Monday, March 28, 2011

Vindicated



There are moments in a one's life that go to vindicate the things that you believe and the investments that you've placed within your life. Landing a new position as an Organizer this weekend did that for me.

Have you ever felt like your life's worth wasn't being fulfilled? Or that you were stuck in a rut and you weren't as smart, or as talented, or as lucky as you thought? I felt all of those things in the past few months in one way or another. My dream had been to be in law school by 25 and to be a success lawyer/consultant/politician by then. But life changes and people change. Since January, I hadn't been doing much. I had been laid off and looking for a position. I was embarrassed. I was ashamed. I wasn't who I thought I could be.

The things you once needed no longer fit into your life.

By happenstance, I was given an opportunity to interview with the company that I was hired for. When I was packing to leave Houston at the beginning of the year, I was encouraged by my father and one of my mentors from college to seek this program out, send a resume and ask if there was a possibility that I could be hired. Impressed with my resume and a brief phone conversation, I was invited to dinner by the executive director of the Houston chapter of the organization. At the dinner, the executive director expressed interest in hiring me but the interview process and selection would be brutal.
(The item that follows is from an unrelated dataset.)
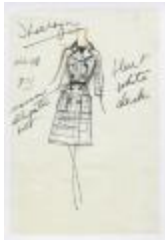
Blue and White Checked Coat (KA0035_000212)

I was then invited to Louisiana for a weekend training of volunteers and members followed by a seminar in Austin, TX where the interview gauntlet would continue. In Louisiana I did close to eight or nine interviews, where the biggest sticking point against hiring me was that "I was too young to become an organizer" or that "I didn't have enough experience". Each interview was grueling and had a brief focus on my faults and mistakes in life, as well as what I have learned and possess. In Austin, the breakneck speed of interviews and meetings continued. I would do 7 interviews in one day (!!!), including one with a world famous organizer and national director (god was that intense). In each of these interviews, I had to prove myself and actually tell people that although my life isn't where I want it to be I am smart, I am talented, I am confident and I am growing into who I think I could become.

And I was vindicated. I was offered a great position in Baton Rouge and a better salary than what I previously had. The fears and disappointment that had taken a precedent in my life for that past few months had dissipated and I had achieved. Fear and discomfort in trying something new or difficult are ultimately what bind us to defeat and complacency. We have to break those chains of mediocrity and fear if we want to reach our dreams.

I can only hope that this step in the right direction is the beginning of my emancipation from fear.